Action item:
From the line that contains "From $1600Unit price" down to the last line of the entries, repeat every line exactly. Do not carry over the pictures.

Dataset excerpts:

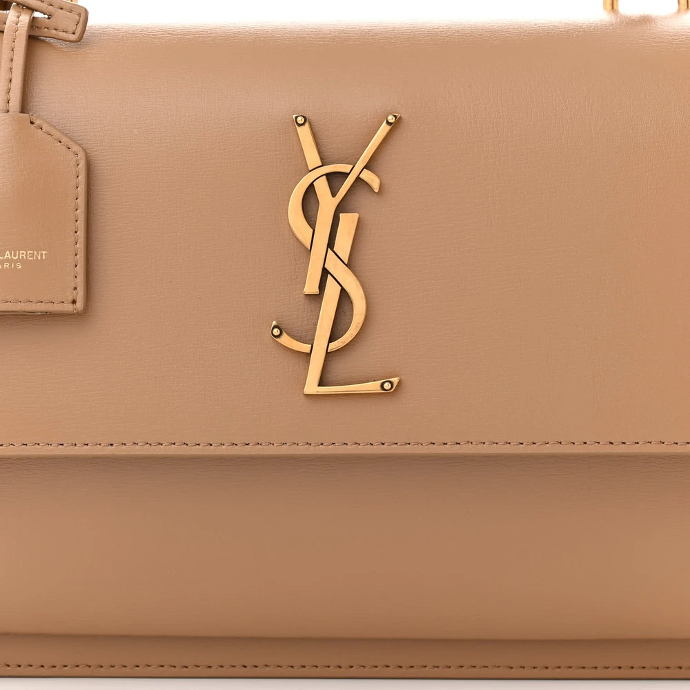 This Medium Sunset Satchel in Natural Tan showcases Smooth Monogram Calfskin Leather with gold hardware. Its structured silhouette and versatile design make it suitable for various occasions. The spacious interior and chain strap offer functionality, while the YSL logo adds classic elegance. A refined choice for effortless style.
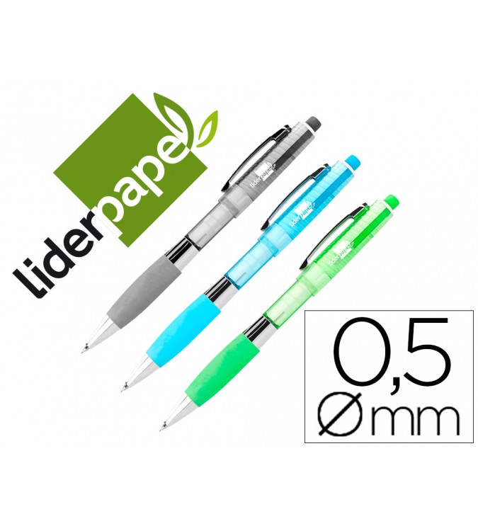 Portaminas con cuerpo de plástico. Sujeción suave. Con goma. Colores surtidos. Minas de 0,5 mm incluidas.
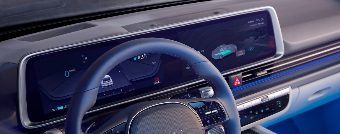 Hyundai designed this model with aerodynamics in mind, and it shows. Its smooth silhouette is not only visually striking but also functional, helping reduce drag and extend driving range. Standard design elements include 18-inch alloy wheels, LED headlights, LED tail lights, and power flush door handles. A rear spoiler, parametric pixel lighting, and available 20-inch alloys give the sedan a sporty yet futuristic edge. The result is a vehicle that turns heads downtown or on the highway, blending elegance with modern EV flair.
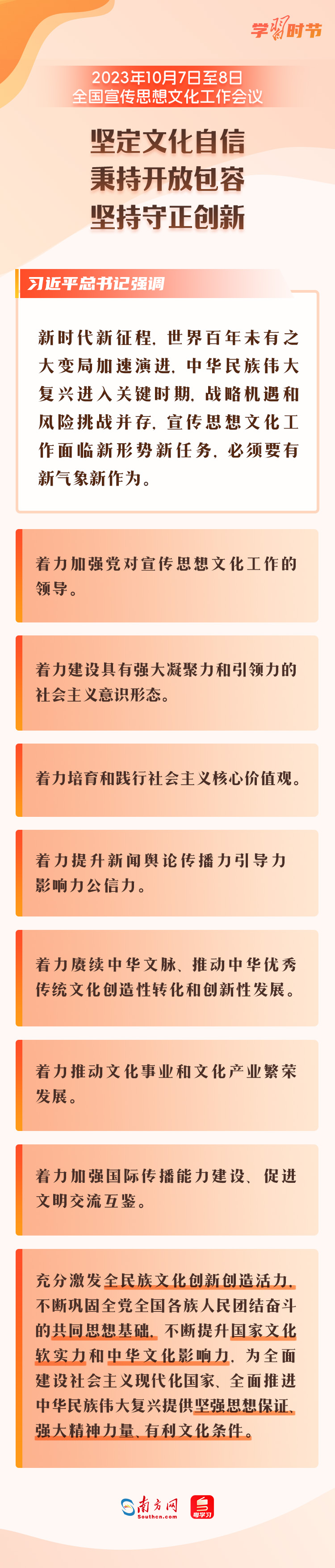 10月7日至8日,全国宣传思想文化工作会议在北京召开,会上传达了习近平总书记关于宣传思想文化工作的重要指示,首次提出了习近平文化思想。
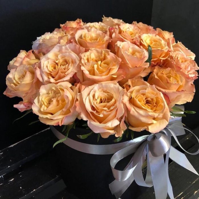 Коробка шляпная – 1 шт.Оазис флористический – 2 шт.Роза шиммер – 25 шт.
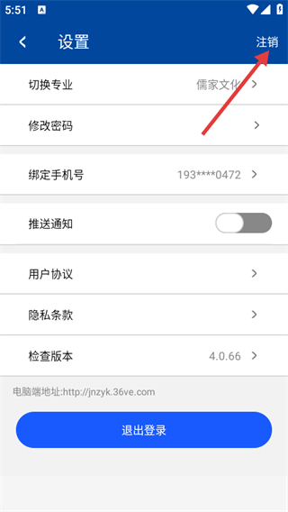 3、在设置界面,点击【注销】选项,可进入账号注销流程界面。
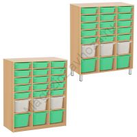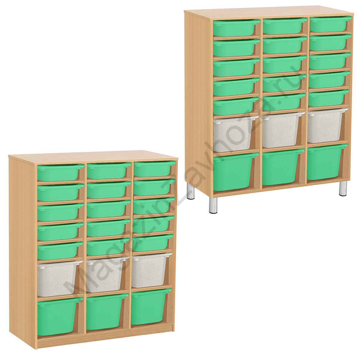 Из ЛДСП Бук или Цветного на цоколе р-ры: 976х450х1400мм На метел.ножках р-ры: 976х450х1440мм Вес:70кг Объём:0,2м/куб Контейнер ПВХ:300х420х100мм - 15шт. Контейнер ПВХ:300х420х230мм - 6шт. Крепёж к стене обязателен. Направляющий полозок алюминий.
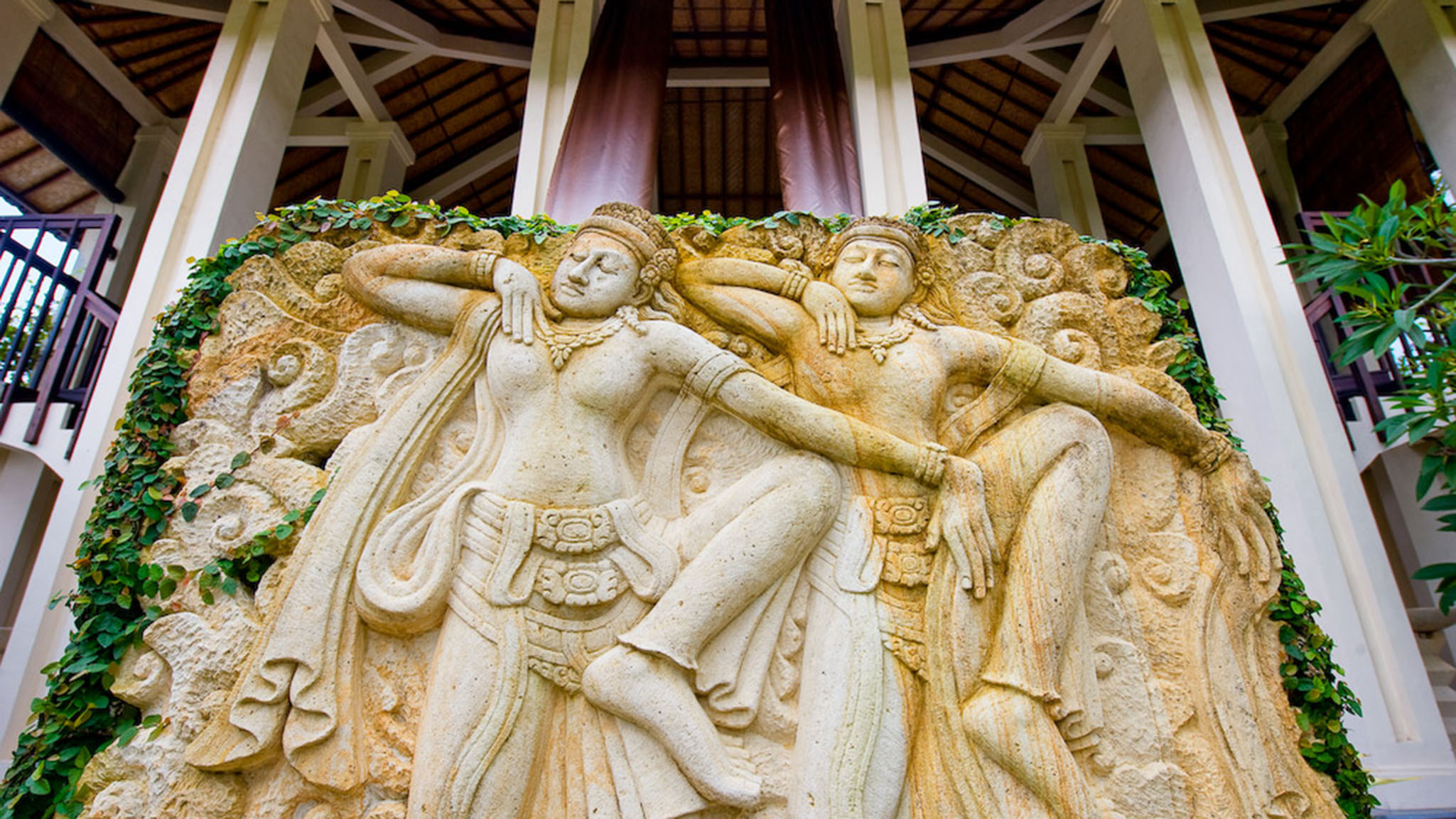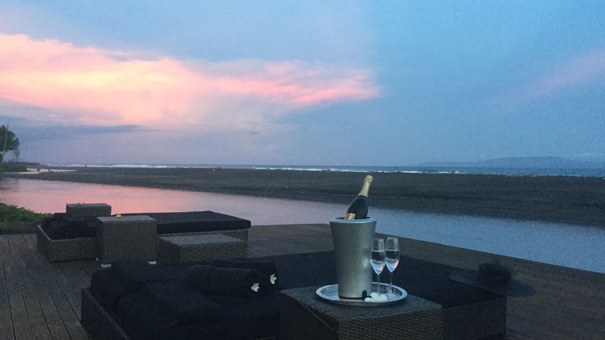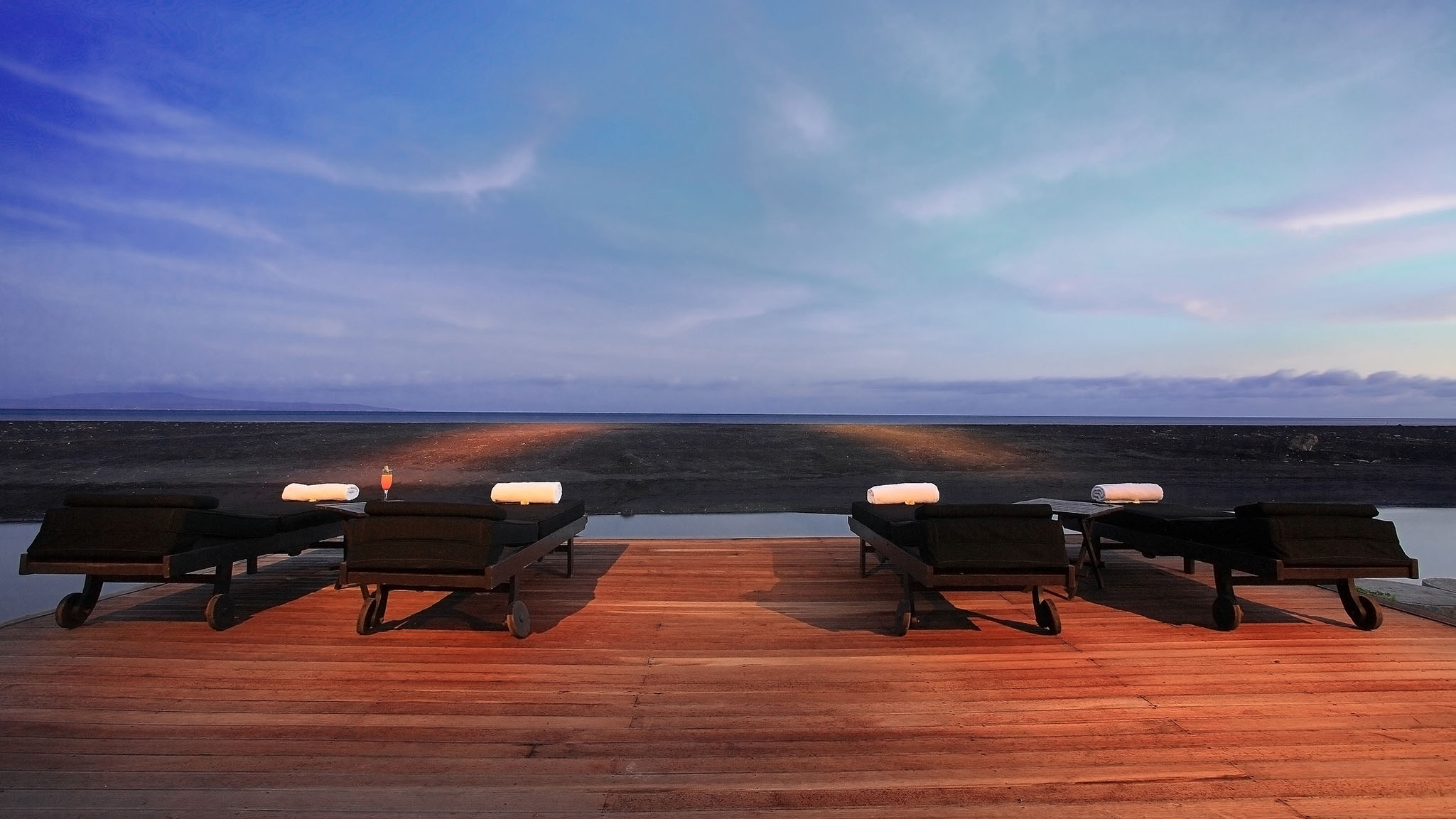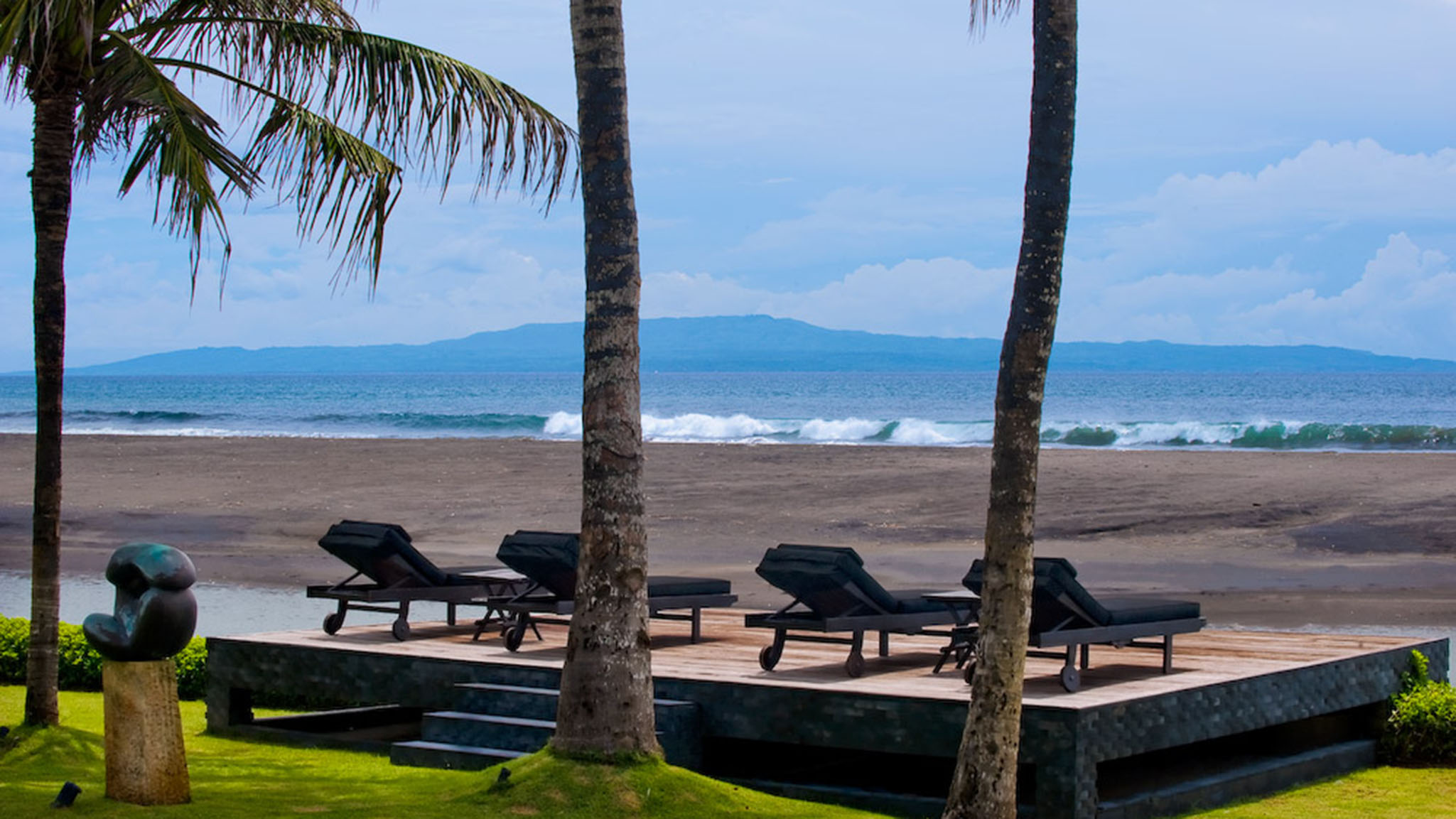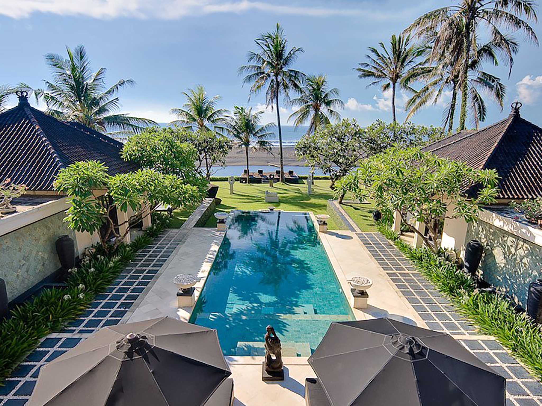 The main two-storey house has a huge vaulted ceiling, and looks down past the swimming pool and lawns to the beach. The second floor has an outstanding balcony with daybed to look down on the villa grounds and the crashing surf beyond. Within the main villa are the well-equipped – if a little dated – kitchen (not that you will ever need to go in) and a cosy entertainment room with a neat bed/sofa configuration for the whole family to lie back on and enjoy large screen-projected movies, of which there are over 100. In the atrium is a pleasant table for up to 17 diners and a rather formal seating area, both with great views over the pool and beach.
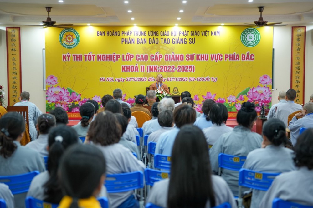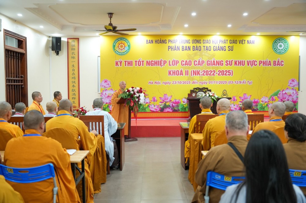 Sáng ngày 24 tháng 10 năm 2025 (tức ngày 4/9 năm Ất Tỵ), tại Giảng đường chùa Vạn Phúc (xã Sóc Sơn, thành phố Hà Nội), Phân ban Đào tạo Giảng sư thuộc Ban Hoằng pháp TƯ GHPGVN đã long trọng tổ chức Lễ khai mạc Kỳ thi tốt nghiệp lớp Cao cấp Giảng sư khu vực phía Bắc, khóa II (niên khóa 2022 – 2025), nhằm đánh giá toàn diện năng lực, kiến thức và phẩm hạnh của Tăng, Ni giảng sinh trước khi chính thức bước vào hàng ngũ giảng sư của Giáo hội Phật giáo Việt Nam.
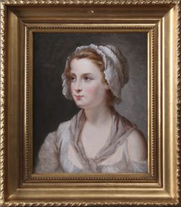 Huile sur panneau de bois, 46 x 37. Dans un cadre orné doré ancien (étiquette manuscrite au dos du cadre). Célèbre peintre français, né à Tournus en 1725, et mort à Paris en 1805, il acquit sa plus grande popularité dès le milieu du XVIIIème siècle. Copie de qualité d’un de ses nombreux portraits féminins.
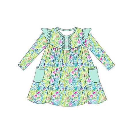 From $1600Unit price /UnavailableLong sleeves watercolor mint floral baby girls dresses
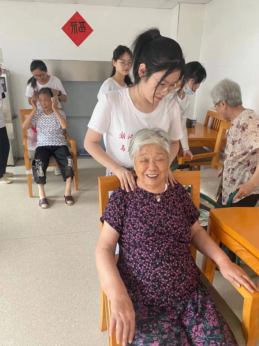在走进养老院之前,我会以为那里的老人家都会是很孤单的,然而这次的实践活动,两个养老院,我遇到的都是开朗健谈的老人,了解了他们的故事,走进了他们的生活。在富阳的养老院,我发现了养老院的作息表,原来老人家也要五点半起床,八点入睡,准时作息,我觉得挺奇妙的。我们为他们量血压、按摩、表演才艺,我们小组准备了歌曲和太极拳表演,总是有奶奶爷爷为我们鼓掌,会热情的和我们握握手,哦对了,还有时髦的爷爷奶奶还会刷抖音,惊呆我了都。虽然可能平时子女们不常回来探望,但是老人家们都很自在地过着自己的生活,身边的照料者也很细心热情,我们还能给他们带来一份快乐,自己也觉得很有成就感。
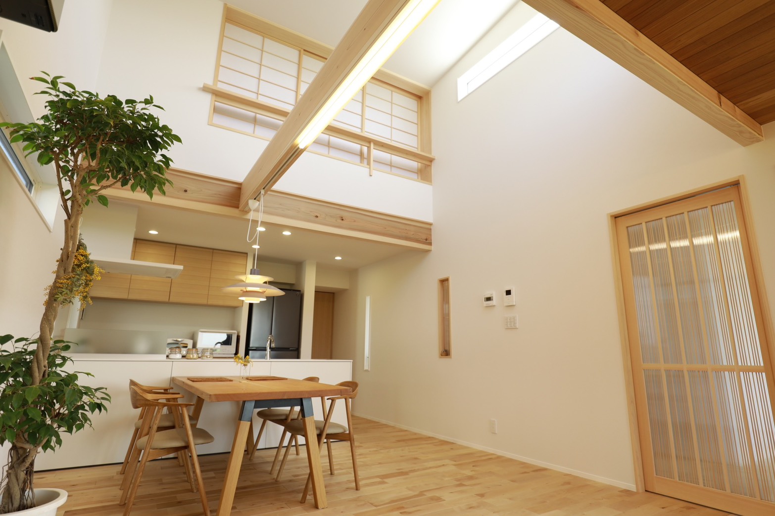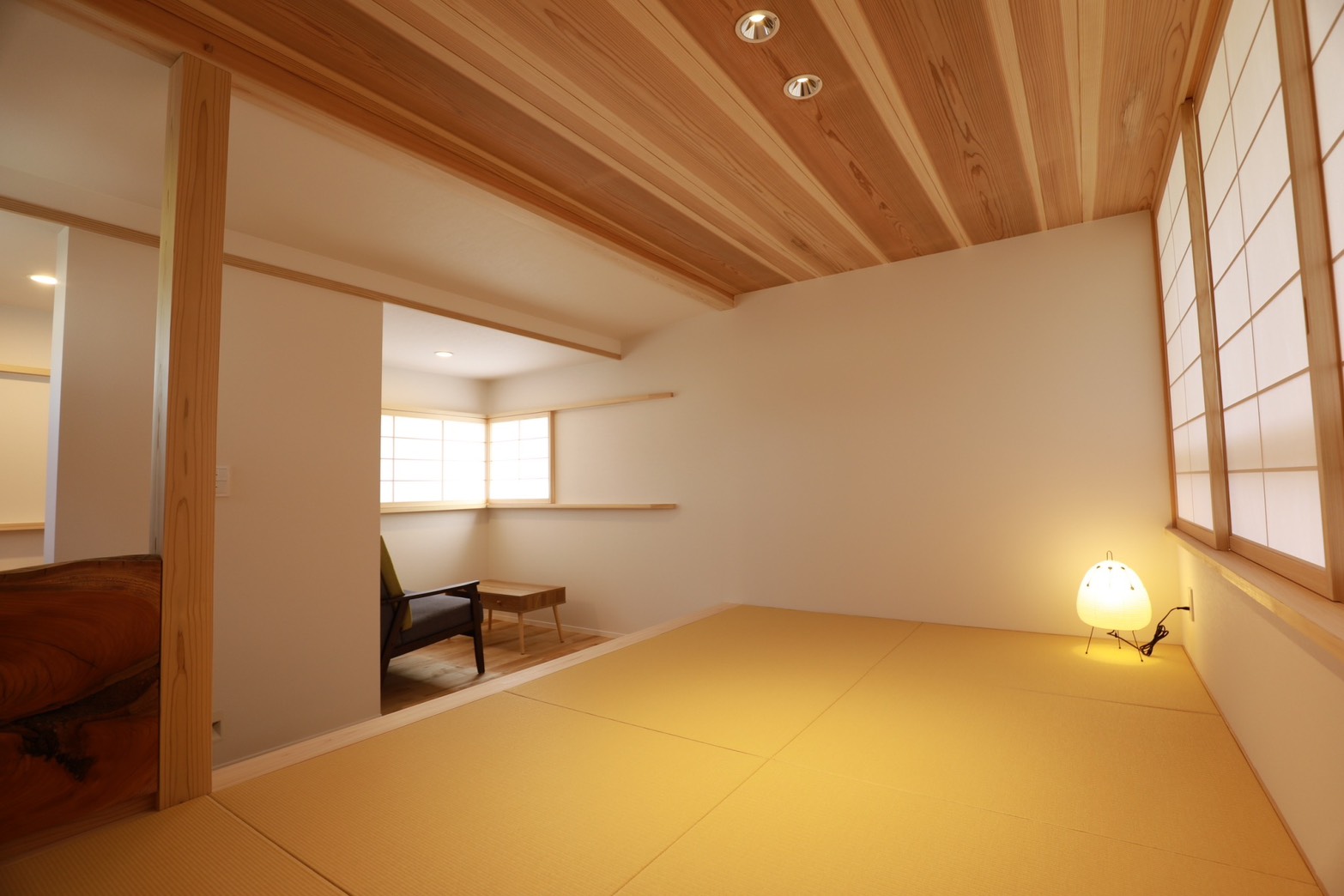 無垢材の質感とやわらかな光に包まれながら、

Output of the task:
 From $1600Unit price /UnavailableLong sleeves watercolor mint floral baby girls dresses
在走进养老院之前,我会以为那里的老人家都会是很孤单的,然而这次的实践活动,两个养老院,我遇到的都是开朗健谈的老人,了解了他们的故事,走进了他们的生活。在富阳的养老院,我发现了养老院的作息表,原来老人家也要五点半起床,八点入睡,准时作息,我觉得挺奇妙的。我们为他们量血压、按摩、表演才艺,我们小组准备了歌曲和太极拳表演,总是有奶奶爷爷为我们鼓掌,会热情的和我们握握手,哦对了,还有时髦的爷爷奶奶还会刷抖音,惊呆我了都。虽然可能平时子女们不常回来探望,但是老人家们都很自在地过着自己的生活,身边的照料者也很细心热情,我们还能给他们带来一份快乐,自己也觉得很有成就感。
 無垢材の質感とやわらかな光に包まれながら、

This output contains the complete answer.